New England has selected 11 QBs since Belichick arrived in 2000, and all of them stood at least 6-foot-2:
|Tom Brady||2000, sixth round||6-foot-4 3/8||211 pounds|
|Rohan Davey||2002, fourth round||6-foot-2||245 pounds|
|Kliff Kingsbury||2003, sixth round||6-foot-3 1/2||213 pounds|
|Matt Cassel||2005, seventh round||6-foot-4 3/8||222 pounds|
|Kevin O’Connell||2008, third round||6-foot-5||225 pounds|
|Zac Robinson||2010, seventh round||6-foot-2 1/2||214 pounds|
|Ryan Mallett||2011, third round||6-foot-6 3/4||253 pounds|
|Jimmy Garoppolo||2014, second round||6-foot-2 1/4||226 pounds|
|Jacoby Brissett||2016, third round||6-foot-3 3/4||231 pounds|
|Danny Etling||2018, seventh round||6-foot-2 1/2||222 pounds|
|Jarrett Stidham||2019, fourth round||6-foot-2 3/8||218 pounds|
Brian Hoyer, who made the team as an undrafted rookie in 2009, also hit that 6-foot-2 benchmark.
And height isn’t the biggest knock on Book. It’s his lack of arm strength, which PFF’s Mike Renner called “well below average” and NFL Media’s Lance Zierlein wrote “fall(s) below NFL standards.”
Book relied on short passes more than any other QB in this draft, with 74.6 percent of his completions coming on throws either behind the line (17.6 percent) or to targets less than 10 yards downfield (57.0 percent), according to PFF charting data. Only Arkansas’ Feleipe Franks, a fellow Day 3 prospect, had a higher completion share between 1 and 9 yards (73.5); eight of the other 11 were below 45 percent, meaning a far higher percentage of their completed passes came on longer throws.
Book had the lowest completion share of passes that traveled 10-plus yards (25.4 percent) and the second-lowest of 20-plus yards (7.0 percent). Only Texas A&M’s Kellen Mond was lower (6.4 percent). Book’s average depth of target (8.49 yards, per PFF) also was third-lowest among QBs with the best chance of being drafted, ahead of Stanford’s Davis Mills and Mond.
PFF classified just 2.7 percent of Book’s completions last season as “big-time throws” — defined as “a pass with excellent ball location and timing, generally thrown further down the field and/or into a tighter window” — which ranked 101st among FBS quarterbacks and last in this draft class.
“Lacks arm strength to make all the pro throws,” Zierlein wrote in Book’s NFL.com draft profile.
Evaluators also dinged Book for his timing and indecisiveness in the pocket, which led to frequent scrambling and some off-the-mark throws.
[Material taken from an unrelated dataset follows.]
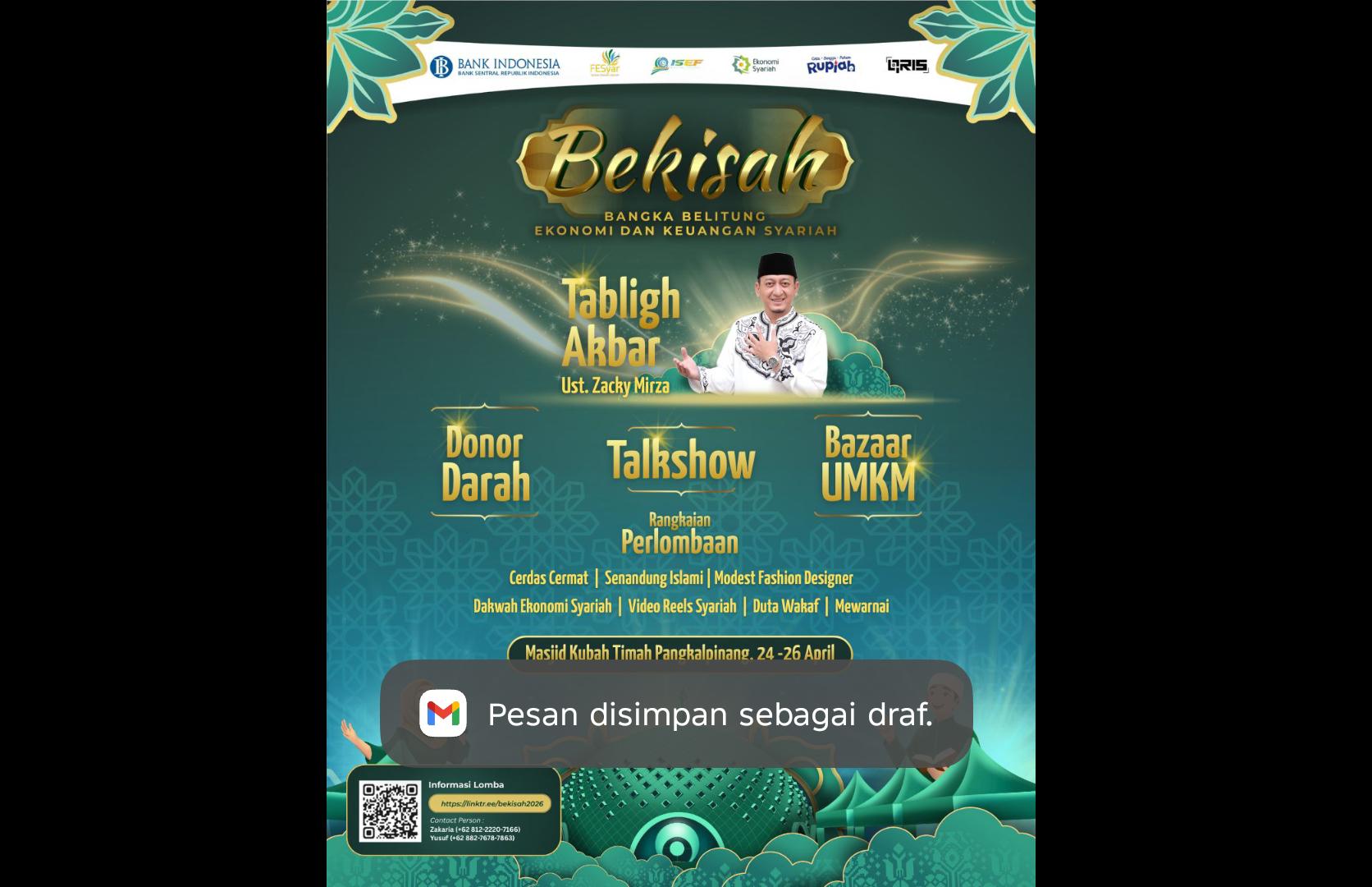 Karenanya, Kantor Perwakilan Bank Indonesia Provinsi Kepulauan Bangka Belitung turut mengajak warga Bangka Belitung untuk hadir dan menyemarakkan festival ekonomi dan keuangan syariah terbesar di Bangka Belitung pada 24 sampai dengan 26 April 2026. (**)

On average, he took longer to throw than any other FBS quarterback in the country last season (3.22 seconds), per PFF. And Zierlein was especially critical of his effectiveness when throwing outside the numbers, which he called “abysmal” and “dreadful.”
NFL Media’s Daniel Jeremiah praised Book’s “innate playmaking instincts” but concluded he “just lacks NFL arm talent and stands 6 feet even,” ranking him 10th among this year’s QBs and projecting him as a sixth- or seventh-round pick. He’s 11th among signal-callers in the consensus prospect rankings compiled by The Athletic’s Arif Hasan, and QB13 on PFF’s top-300 big board.
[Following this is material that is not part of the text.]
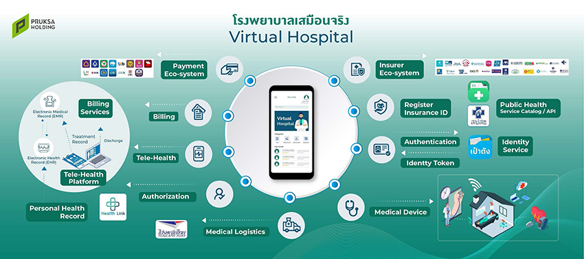 - การเชื่อมโยงแบบ Anywhere Anytime ด้วยแอปพลิเคชันวิมุตที่ให้บริการการแพทย์ทางไกล การจัดส่งยาและเวชภัณฑ์ทางไปรษณีย์ การพัฒนาระบบดิจิทัลเฮลท์แคร์เพื่อการส่งเสริมสุขภาพเชิงป้องกัน รวมไปถึงแผนการในอนาคตที่พัฒนาโรงพยาบาลมุ่งสู่โรงพยาบาลเสมือนจริง (Virtual Hospital) ดูแลผู้ป่วยติดเตียงที่บ้านจากเครื่องติดตามการทำงานของร่างกายหากมีเหตุฉุกเฉินหรือผิดปกติทีมแพทย์สามารถเข้าช่วยเหลือได้ทันท่วงที บริการเจาะเลือดไม่ต้องมาโรงพยาบาล และความร่วมมือกับพันธมิตรอื่น ๆ ที่จะช่วยยกระดับการเข้าถึงการบริการด้านสุขภาพผ่านเทคโนโลยีดิจิทัลได้ง่ายขึ้นด้วย

The Athletic’s Dane Brugler is slightly higher on Book, ranking him ninth among quarterbacks (highest among the projected late-rounders) and pegging him as a fifth- or sixth-round prospect.
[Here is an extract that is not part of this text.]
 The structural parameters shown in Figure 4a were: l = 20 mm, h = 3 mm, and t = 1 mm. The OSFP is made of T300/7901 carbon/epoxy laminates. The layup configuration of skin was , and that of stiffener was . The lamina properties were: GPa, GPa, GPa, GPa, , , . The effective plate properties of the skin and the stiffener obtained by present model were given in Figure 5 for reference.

Top-end arm strength typically isn’t high on the Patriots’ priority list when evaluating quarterbacks, so it’s possible Belichick and Co. would overlook some of Book’s shortcomings in that area. But two decades of draft history suggests they won’t draft a 6-foot QB, even one who checks as many other boxes as Book does.
If New England still is in the market for a quarterback come Sunday, Wake Forest’s Jamie Newman — who was considered a potential early-round prospect before he opted out of the 2020 season — and the tall, athletic Franks would be higher-upside fliers.